I knew a lot of people from Eric’s and my life in Beacon: school parents, parent activists, teachers, clergy members, Nathan’s friends’ parents, summer camp parents, and so on. They didn’t visit with me, but when there was a request for meals, they immediately responded with soup or a full plate; when I ran into them on the street or at a party, they smiled a bright smile and gave me a big hug; and when they ran into Eric or talked to him on the phone, they asked after me.
I knew all these people, but my relationship with them wasn’t so deep as to stir up the wish to visit me. It wasn’t deep enough to vanquish the qualms they must have about dropping by and spending time with me. Yet, when Eric and I went to the high school presentation, we ran into the mother of one of Nathan’s schoolmates. As we greeted each other with a hug, she said to me, “You’ve made my day.” Meetings like this one were so nice. They showed me I was cared for – there was so much love surrounding me.
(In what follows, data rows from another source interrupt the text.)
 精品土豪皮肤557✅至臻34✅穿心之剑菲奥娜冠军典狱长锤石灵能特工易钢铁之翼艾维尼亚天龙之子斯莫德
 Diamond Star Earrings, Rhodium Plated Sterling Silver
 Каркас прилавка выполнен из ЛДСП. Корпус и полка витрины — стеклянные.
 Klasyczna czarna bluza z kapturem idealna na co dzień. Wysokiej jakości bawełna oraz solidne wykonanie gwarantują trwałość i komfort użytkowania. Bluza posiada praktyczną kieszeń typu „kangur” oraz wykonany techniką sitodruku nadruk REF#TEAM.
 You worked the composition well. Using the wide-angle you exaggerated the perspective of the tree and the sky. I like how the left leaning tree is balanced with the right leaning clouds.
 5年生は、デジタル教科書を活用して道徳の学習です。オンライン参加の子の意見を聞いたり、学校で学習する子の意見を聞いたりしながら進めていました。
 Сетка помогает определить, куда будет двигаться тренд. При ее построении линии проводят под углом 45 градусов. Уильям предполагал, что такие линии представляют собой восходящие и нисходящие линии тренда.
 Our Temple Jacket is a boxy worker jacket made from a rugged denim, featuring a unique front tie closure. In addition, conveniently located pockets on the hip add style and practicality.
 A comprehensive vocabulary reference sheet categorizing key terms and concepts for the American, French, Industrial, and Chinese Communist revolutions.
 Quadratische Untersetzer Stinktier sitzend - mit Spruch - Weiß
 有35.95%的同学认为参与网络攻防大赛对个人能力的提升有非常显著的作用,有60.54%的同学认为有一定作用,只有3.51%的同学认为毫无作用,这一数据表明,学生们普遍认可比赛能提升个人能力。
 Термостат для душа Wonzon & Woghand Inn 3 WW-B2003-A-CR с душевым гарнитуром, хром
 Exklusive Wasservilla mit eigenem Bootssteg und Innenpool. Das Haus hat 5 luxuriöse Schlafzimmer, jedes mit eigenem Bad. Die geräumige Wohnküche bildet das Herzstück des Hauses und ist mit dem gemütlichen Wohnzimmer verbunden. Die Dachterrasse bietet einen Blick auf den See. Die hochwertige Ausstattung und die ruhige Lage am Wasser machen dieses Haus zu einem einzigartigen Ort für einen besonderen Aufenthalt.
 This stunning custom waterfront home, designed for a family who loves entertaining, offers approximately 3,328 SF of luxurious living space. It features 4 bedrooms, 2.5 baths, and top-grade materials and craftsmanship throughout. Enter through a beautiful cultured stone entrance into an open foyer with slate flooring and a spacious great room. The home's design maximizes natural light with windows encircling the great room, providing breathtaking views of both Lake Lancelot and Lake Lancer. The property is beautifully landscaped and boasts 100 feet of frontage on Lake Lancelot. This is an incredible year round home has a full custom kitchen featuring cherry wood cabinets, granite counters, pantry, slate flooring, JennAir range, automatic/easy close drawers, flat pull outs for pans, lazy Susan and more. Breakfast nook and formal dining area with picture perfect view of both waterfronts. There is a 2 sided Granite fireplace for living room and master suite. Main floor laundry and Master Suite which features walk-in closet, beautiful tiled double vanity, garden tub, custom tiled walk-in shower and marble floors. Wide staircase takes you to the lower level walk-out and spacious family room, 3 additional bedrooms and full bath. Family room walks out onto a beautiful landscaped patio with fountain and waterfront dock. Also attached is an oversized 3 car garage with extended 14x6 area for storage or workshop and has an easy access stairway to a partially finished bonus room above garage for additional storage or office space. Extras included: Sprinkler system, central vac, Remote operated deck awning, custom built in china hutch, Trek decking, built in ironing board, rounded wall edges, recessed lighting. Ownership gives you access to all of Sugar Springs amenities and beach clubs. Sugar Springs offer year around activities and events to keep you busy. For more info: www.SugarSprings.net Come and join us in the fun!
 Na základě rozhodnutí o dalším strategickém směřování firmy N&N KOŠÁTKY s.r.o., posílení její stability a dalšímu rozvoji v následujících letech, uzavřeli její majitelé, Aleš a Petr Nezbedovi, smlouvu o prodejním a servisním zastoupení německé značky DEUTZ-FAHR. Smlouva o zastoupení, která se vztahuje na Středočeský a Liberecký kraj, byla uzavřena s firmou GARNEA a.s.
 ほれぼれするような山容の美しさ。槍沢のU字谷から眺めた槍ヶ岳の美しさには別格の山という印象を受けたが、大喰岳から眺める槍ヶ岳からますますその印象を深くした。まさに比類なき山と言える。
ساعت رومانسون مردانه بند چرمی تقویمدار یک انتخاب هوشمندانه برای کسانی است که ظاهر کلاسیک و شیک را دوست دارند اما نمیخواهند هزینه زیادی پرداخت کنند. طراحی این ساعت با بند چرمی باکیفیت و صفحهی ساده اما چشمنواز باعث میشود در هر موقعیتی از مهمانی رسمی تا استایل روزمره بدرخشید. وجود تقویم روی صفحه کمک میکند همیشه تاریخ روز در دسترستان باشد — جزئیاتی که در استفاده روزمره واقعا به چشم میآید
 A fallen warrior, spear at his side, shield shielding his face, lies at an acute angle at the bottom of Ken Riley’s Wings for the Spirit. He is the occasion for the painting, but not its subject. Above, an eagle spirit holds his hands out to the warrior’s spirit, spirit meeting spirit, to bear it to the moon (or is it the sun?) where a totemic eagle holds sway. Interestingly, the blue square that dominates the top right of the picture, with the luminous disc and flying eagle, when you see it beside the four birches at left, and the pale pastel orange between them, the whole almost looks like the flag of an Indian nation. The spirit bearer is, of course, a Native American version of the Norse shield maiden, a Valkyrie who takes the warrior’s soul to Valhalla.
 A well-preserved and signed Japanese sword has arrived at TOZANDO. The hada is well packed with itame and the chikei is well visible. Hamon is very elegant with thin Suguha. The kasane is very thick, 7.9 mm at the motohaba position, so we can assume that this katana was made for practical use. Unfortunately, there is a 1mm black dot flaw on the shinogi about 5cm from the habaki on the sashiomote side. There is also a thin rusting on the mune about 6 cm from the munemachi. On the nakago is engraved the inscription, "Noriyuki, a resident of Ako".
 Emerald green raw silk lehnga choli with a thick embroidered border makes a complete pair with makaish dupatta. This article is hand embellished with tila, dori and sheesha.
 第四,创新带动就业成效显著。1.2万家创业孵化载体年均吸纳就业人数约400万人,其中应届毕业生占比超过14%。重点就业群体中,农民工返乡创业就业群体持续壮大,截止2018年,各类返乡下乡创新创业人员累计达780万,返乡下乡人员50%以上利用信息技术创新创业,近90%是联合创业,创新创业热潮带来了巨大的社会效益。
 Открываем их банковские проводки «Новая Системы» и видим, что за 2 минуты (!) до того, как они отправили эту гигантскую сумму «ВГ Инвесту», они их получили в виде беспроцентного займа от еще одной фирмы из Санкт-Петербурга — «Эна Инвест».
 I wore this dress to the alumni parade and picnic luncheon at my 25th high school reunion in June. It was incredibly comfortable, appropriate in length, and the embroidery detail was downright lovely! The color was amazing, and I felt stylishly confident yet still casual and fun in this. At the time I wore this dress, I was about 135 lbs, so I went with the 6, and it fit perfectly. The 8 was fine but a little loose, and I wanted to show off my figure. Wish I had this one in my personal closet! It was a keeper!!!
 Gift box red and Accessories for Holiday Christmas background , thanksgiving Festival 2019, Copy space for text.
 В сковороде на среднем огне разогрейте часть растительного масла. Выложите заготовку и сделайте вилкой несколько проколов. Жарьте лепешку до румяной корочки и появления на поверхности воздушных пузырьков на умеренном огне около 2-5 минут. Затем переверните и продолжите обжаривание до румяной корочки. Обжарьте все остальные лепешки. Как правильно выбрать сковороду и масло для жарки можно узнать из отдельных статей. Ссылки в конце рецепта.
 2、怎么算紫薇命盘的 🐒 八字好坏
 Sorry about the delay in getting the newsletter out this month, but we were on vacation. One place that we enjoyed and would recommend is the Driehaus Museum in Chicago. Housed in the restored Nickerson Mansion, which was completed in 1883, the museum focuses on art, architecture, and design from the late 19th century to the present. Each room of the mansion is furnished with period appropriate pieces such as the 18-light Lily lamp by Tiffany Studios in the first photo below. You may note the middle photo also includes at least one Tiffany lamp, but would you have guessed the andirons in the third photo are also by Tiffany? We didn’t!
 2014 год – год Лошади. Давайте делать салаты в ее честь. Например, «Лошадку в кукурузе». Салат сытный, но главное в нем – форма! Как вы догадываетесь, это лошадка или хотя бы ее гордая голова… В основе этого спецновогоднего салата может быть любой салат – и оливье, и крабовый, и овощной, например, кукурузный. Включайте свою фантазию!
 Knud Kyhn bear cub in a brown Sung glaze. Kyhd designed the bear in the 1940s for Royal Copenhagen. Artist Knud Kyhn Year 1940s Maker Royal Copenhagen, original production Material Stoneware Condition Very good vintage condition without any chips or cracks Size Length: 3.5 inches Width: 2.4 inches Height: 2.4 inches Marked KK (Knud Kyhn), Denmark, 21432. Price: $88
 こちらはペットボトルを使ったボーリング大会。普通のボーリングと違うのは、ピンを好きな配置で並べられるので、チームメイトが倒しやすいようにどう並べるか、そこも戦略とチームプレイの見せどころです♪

I’ve wondered what caused Beacon residents’ reaction. If we weren’t close, why did they were glad to see me? Why did they show up with platefuls of food? And a potential answer has come to me. In a small town, you spend a long time doing different things with the same people: you run into the same people at the coffee shop, the store, the local market, the downtown street, the activist group, the march against social injustices, and the school yard. And in doing things together, you build a sense of community that prompts you to give, to hug, and to smile.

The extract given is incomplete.